Source code in autoresearcher/utils/count_tokens.py

def count_tokens(text):
    """
    Counts the number of tokens in a given text.
    Args:
      text (str): The text to tokenize.
    Returns:
      int: The number of tokens in `text`.
    Examples:
      >>> count_tokens("This is a sentence.")
      6
    Notes:
      The encoding used is determined by the `tiktoken.encoding_for_model` function.
    """
    # encoding = tiktoken.get_encoding("cl100k_base")
    encoding = tiktoken.encoding_for_model("gpt-4")

    tokens = encoding.encode(text)
    return len(tokens)

`generate_keyword_combinations(research_question)`

Generates keyword combinations for a given research question. Args: research_question (str): The research question to generate keyword combinations for. Returns: list: A list of keyword combinations for the given research question. Examples:

generate_keyword_combinations("What is the impact of AI on healthcare?") ["AI healthcare", "impact AI healthcare", "AI healthcare impact"]
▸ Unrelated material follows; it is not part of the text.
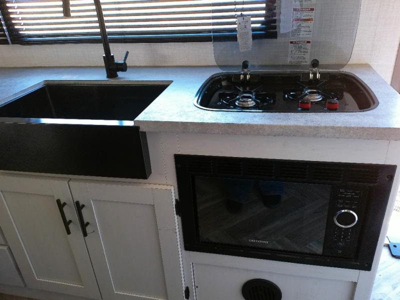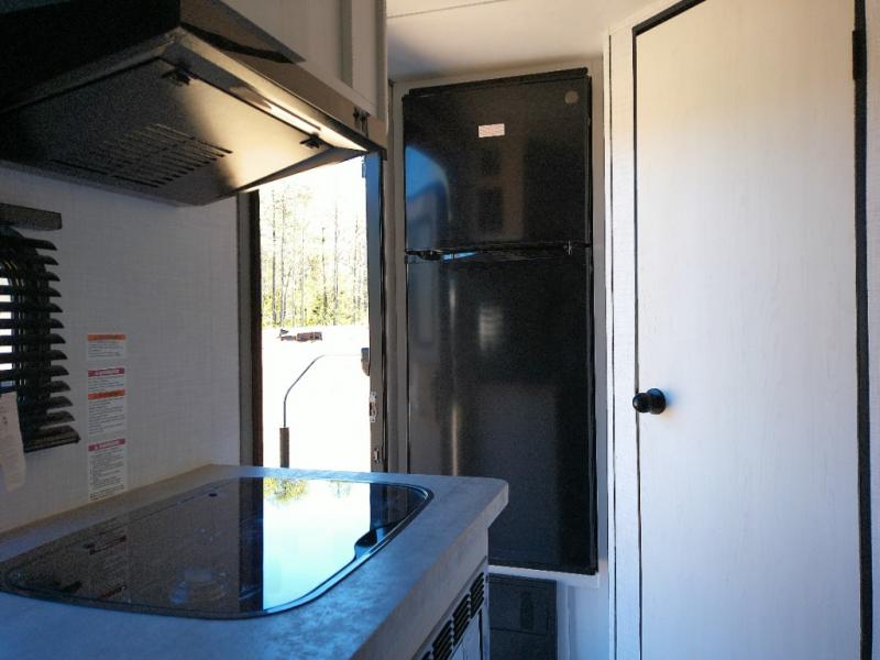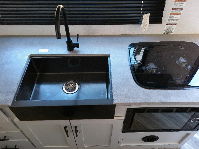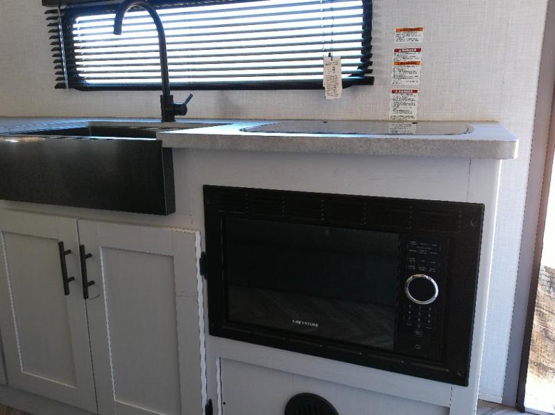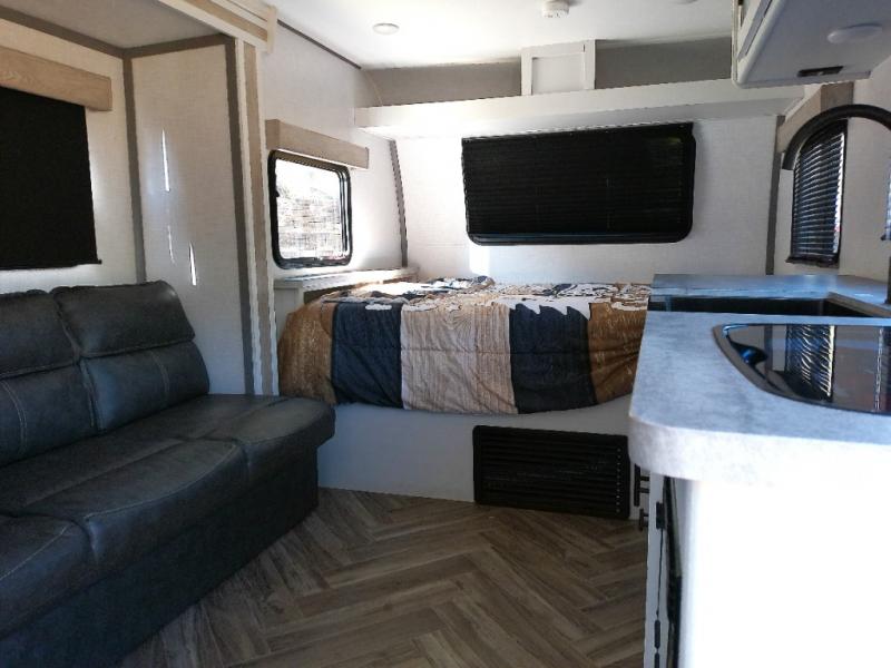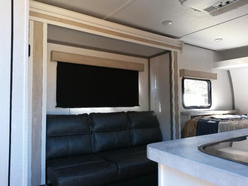This travel trailer is perfect for two people looking to escape the hustle and bustle of everyday life! The front queen bed welcomes you to enjoy a good night's rest each night so you can feel refreshed every morning. After you have fried up some eggs with the two burner range, you can head to the sofa slide and enjoy it there with the indoor/outdoor table or take the table outside to have breakfast outdoors under the 12' power awning. The rear corner bathroom has a radius shower with a skylight above for natural lighting as you get ready each morning!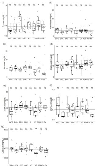 Free sugars analyzed by 1H NMR spectroscopy. (a) fucose, (b) galactose, (c) glucose, (d) sialic acid, (e) N-acetyl-galactosamine (GalNAc), (f) N-acetyl-glucosamine (GlcNAc) and (g) lactose, in milk from Western Finncattle (WFC), Norwegian Doela cattle (DOL), Eastern Finncattle (EFC), Swedish Mountain cattle (SMC), Icelandic cattle (IC), native Lithuania Black and White cattle (LT), Danish Red anno 1970 (RDM-70) and Norwegian Telemark cattle (TM). The horizontal line in each box indicate the median and the overall horizontal line indicates the mean of all samples in the study. Stars indicate significant differences from the overall mean: * p <0.05, ** p < 0.01, ns = not significant.

Source code in autoresearcher/utils/generate_keyword_combinations.py

def generate_keyword_combinations(research_question):
    """
    Generates keyword combinations for a given research question.
    Args:
      research_question (str): The research question to generate keyword combinations for.
    Returns:
      list: A list of keyword combinations for the given research question.
    Examples:
      >>> generate_keyword_combinations("What is the impact of AI on healthcare?")
      ["AI healthcare", "impact AI healthcare", "AI healthcare impact"]
    """
    prompt = keyword_combination_prompt.format(research_question=research_question)
    response = openai_call(prompt, use_gpt4=False, temperature=0, max_tokens=200)
    combinations = response.split("\n")
    return [
        combination.split(": ")[1]
        for combination in combinations
        if ": " in combination
    ]

`get_citation_by_doi(doi)`

Retrieves a citation for a given DOI. Args: doi (str): The DOI of the citation to retrieve. Returns: str: The citation for the given DOI. Raises: ValueError: If the response is not valid JSON. Notes: Requires an email address to be set in the EMAIL environment variable. Examples:

get_citation_by_doi("10.1038/s41586-020-2003-7") "Liu, Y., Chen, X., Han, M., Li, Y., Li, L., Zhang, J., ... & Zhang, Y. (2020). A SARS-CoV-2 protein interaction map reveals targets for drug repurposing. Nature, 581(7809), 561-570."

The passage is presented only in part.